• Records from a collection
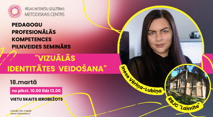 Rīgas Interešu izglītības metodiskais centrs aicina Rīgas pašvaldības izglītības iestāžu interešu izglītības skolotājus pieteikties pedagogu profesionālās kompetences pilnveides semināra “Vizuālās identitātes veidošana” apguvei. Programma norisināsies 2026. gada 18. martā no plkst. 10.00 līdz 13.00, lektore – Inese Vēriņa-Lubiņa. Mūsdienu izglītības vidē pedagogs...
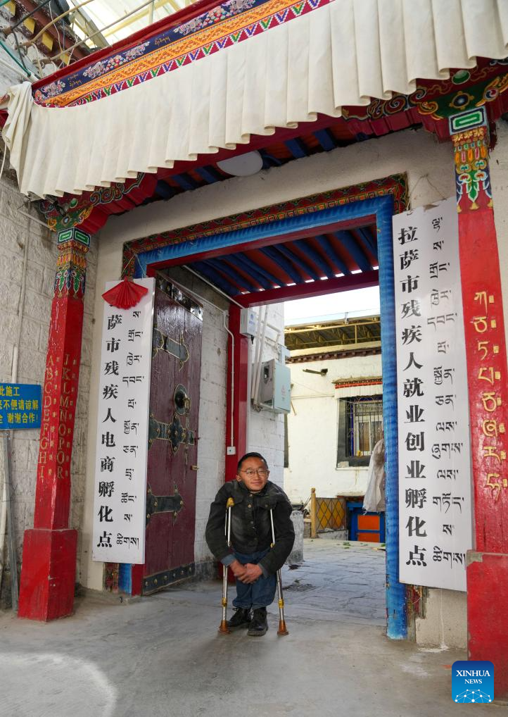 Lhapa Dondrup uploads product information to the internet at the company in Lhasa, southwest China's Xizang Autonomous Region, May 5, 2025. Lhapa Dondrup, a 24-year-old man born in Lhasa, has been suffering from osteogenesis imperfecta (OI), commonly known as brittle bone disease, since childhood. Now as an adult, he stands under one meter tall and relies on crutches and electric wheelchair for mobility. Despite these challenges, Lhapa harbors a dream of becoming a photographer.
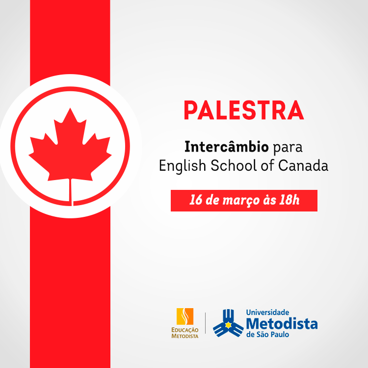 A Assessoria de Relações Internacionais promove, das 18h às 19h30 de 16 de março de 2018, uma palestra sobre o intercâmbio oferecido pela Metodista para a ESC – English School of Canada. O evento será realizado na sala 327 do Edifício Delta (Campus Rudge Ramos).
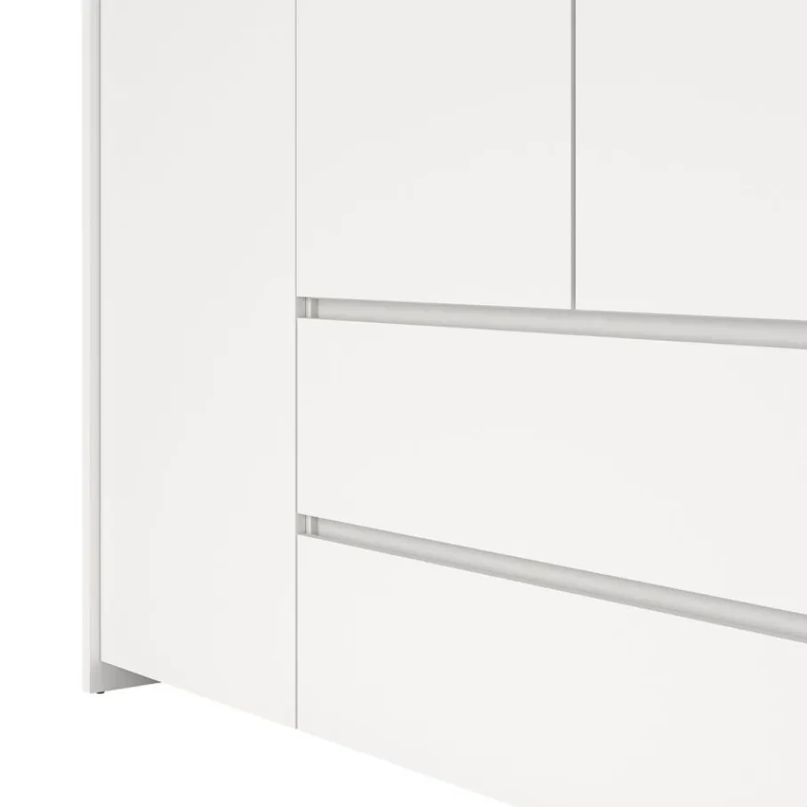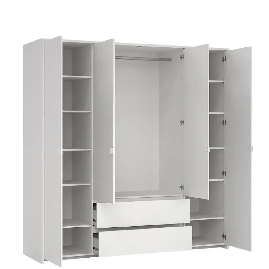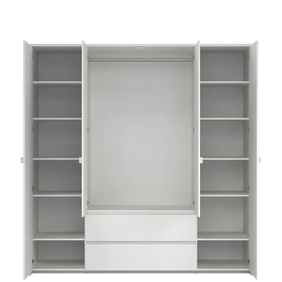 Atlanta is de perfecte opbergoplossing met 4 deuren en 2 brede lades. In de kast zitten 11 legplanken, waarvan 10 verstelbaar en één vast. Met een combinatie van hangruimte en legplanken biedt kledingkast Atlanta flexibele opbergmogelijkheden om je kleding georganiseerd en toegankelijk te houden.
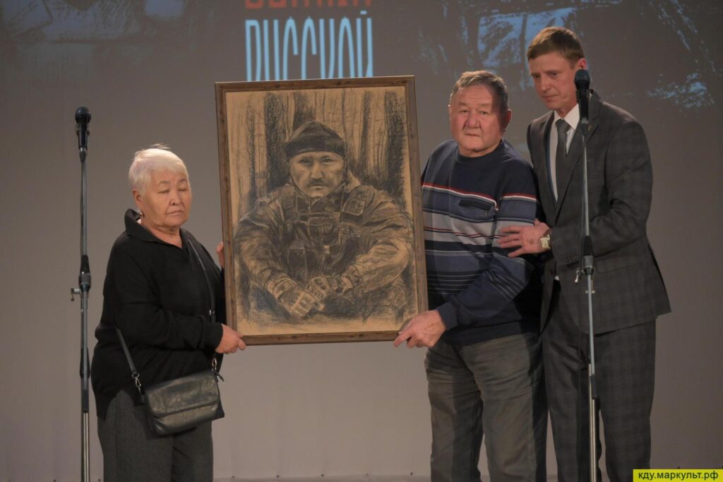 Родителям и близким Героев вручили копии портретов «Уголь земли Русской». Церемонию вручения провел Глава Марьяновского района Аркадий Викторович Ефименко.
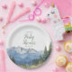 Plato De Papel Bebé Shower Acuarela Moderna de Montaña Flor Silve
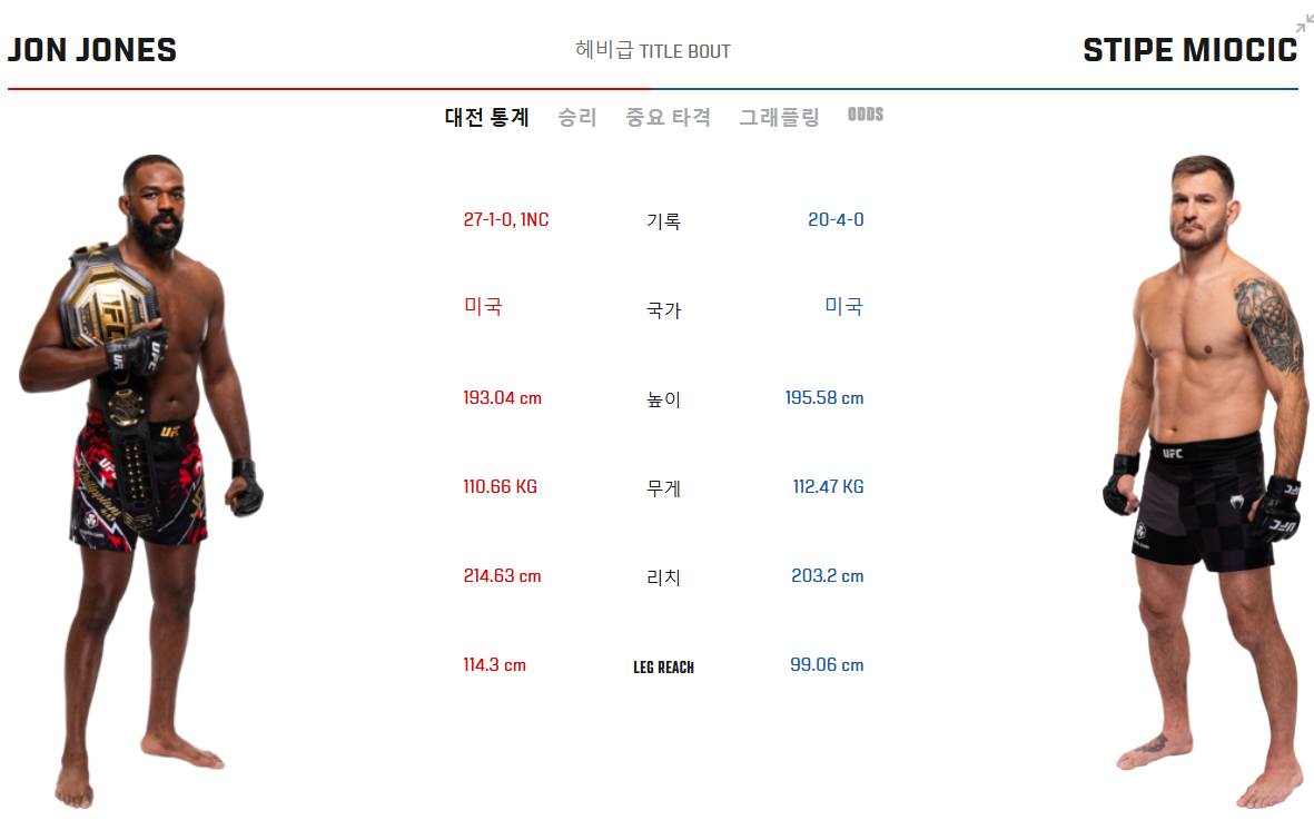 [헤비급 타이틀전] C 존 존스 vs #8 스티페 미오치치
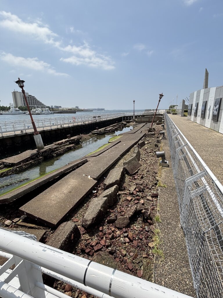 メリケンパークには、阪神淡路大震災によって被災したメリケン波止場の一部がそのままの状態で保存されていました。被災の状況や復興の過程などの記録も展示されており、

• WHAT IS NEEDED
Exclude all pictures and return precisely the lines from the one containing "[헤비급 타이틀전] C 존 존스 vs #8 스티페 미오치치" through the closing line of the data.

• SOLUTION FOR THIS PROBLEM
 [헤비급 타이틀전] C 존 존스 vs #8 스티페 미오치치
 メリケンパークには、阪神淡路大震災によって被災したメリケン波止場の一部がそのままの状態で保存されていました。被災の状況や復興の過程などの記録も展示されており、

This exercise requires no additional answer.